No pictures in the copy, please: retype all the records exactly.

RECORDS FOR THIS TASK>
<<<<

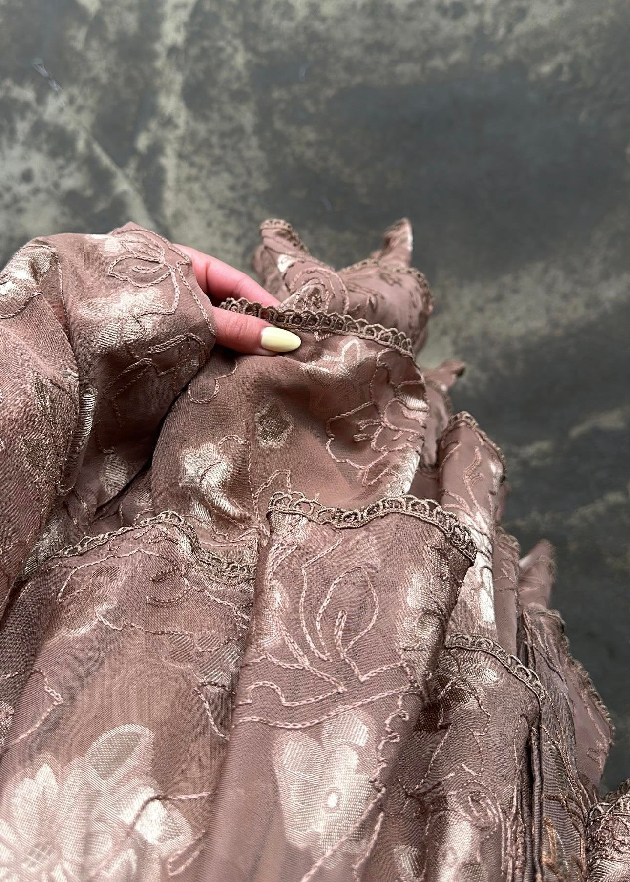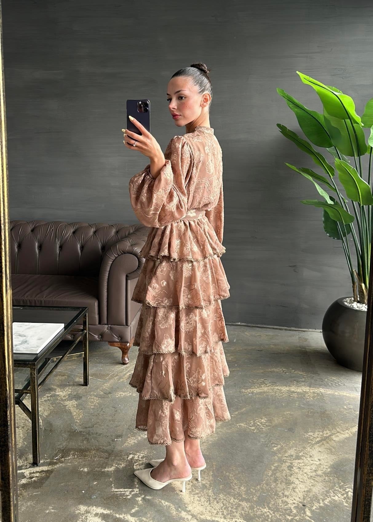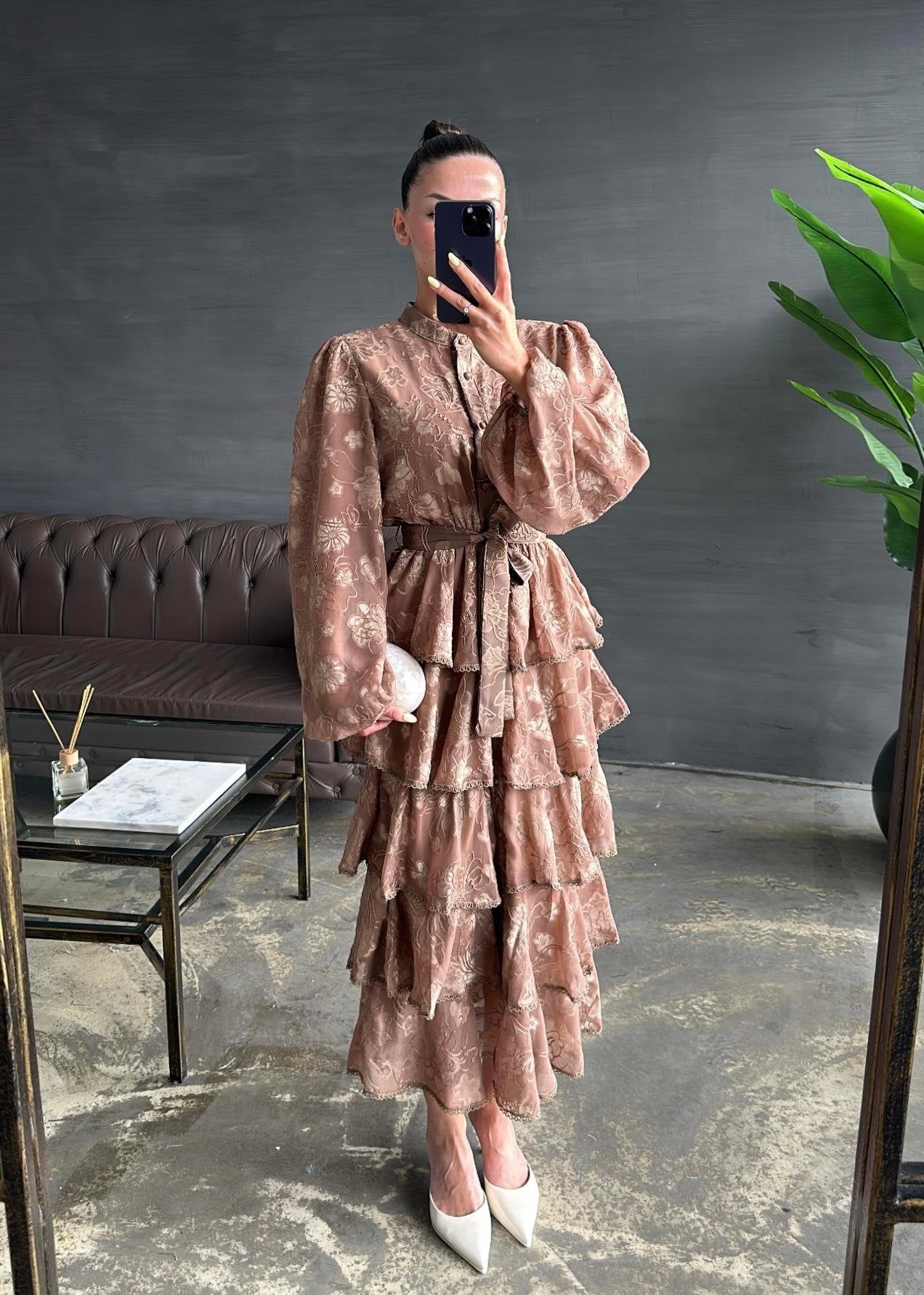 Çiçek Desenli Fırfırlı Elbise KAHVERENGİ
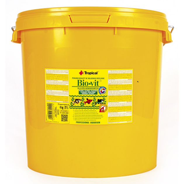 Сухий корм Tropical Bio-Vit для травоїдних акваріумних риб, 4 кг (пластівці)
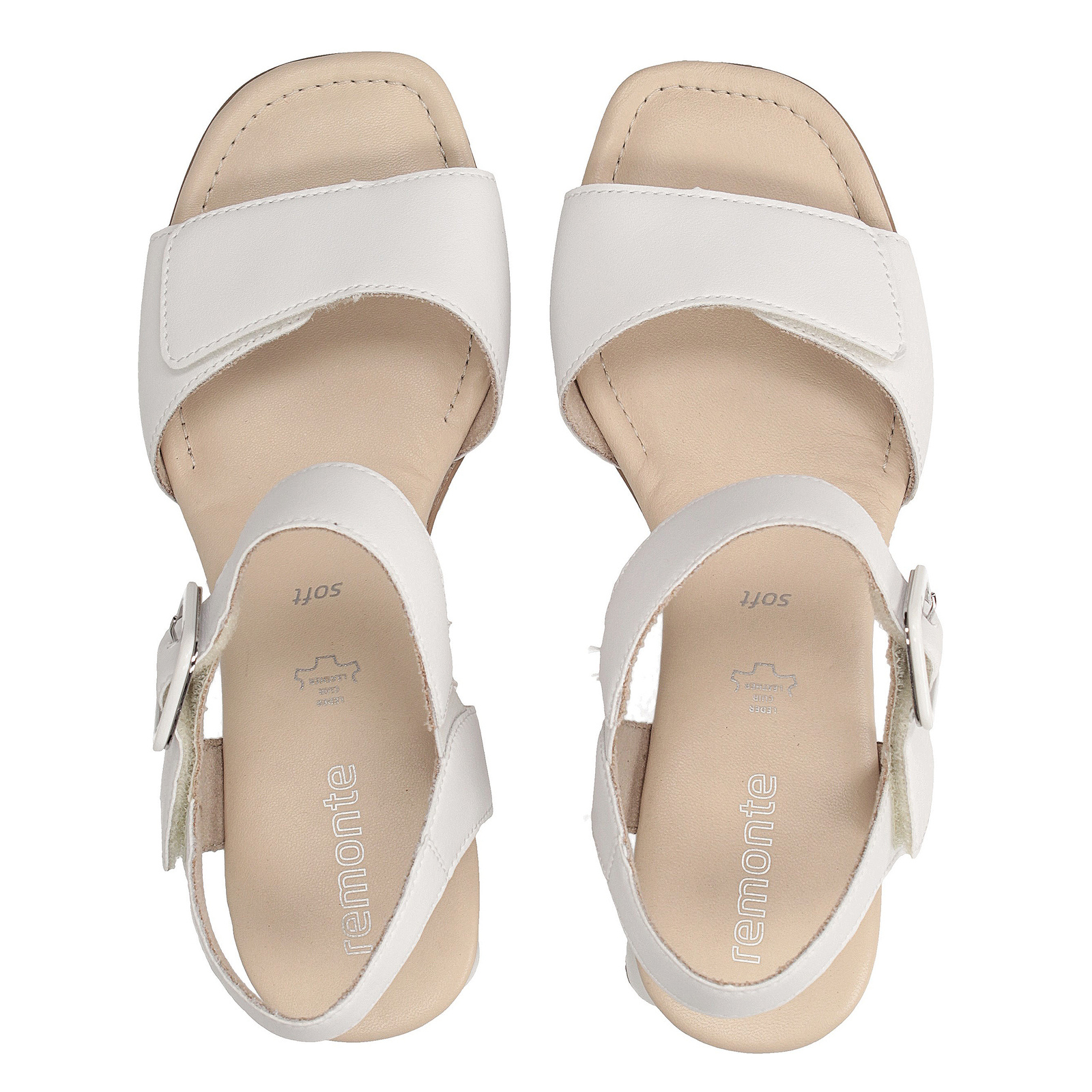 Białe sandały Remonte to połączenie komfortu i ponadczasowej elegancji. Wykonane z miękkiej skóry naturalnej, zapewniają idealne dopasowanie do stopy oraz przewiewność nawet w gorące dni. Stabilny obcas w formie klocka o wysokości 4,5 cm gwarantuje wygodę podczas chodzenia, a rzepy umożliwiają szybkie i precyzyjne zapięcie. Kwadratowy nosek nadaje modelowi nowoczesnego charakteru, a uniwersalna biel sprawia, że sandały świetnie sprawdzą się zarówno w codziennych, jak i bardziej eleganckich stylizacjach.
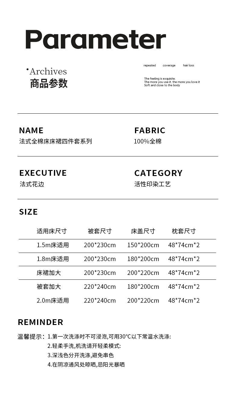 被套220*240CM*1 床裙180*200CM*1 枕套48*74CM*2四件套 | ¥250.00 |
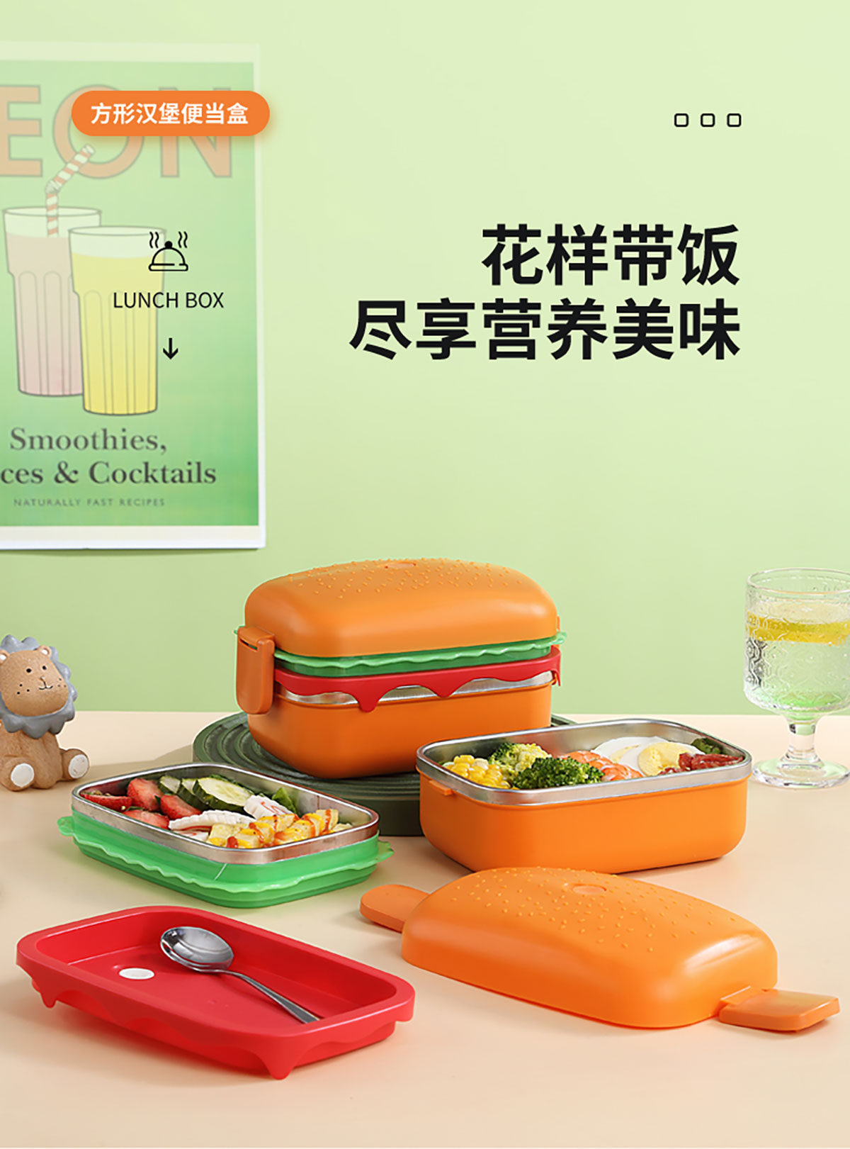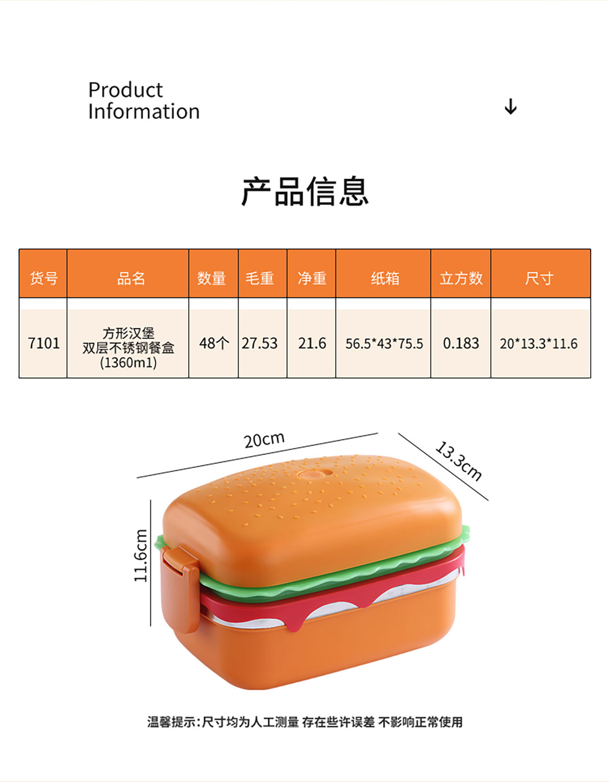 方形漢堡雙層不銹鋼餐盒(1360ml)

>>>>

WRITTEN RESPONSE>
 Çiçek Desenli Fırfırlı Elbise KAHVERENGİ
 Сухий корм Tropical Bio-Vit для травоїдних акваріумних риб, 4 кг (пластівці)
 Białe sandały Remonte to połączenie komfortu i ponadczasowej elegancji. Wykonane z miękkiej skóry naturalnej, zapewniają idealne dopasowanie do stopy oraz przewiewność nawet w gorące dni. Stabilny obcas w formie klocka o wysokości 4,5 cm gwarantuje wygodę podczas chodzenia, a rzepy umożliwiają szybkie i precyzyjne zapięcie. Kwadratowy nosek nadaje modelowi nowoczesnego charakteru, a uniwersalna biel sprawia, że sandały świetnie sprawdzą się zarówno w codziennych, jak i bardziej eleganckich stylizacjach.
 被套220*240CM*1 床裙180*200CM*1 枕套48*74CM*2四件套 | ¥250.00 |
 方形漢堡雙層不銹鋼餐盒(1360ml)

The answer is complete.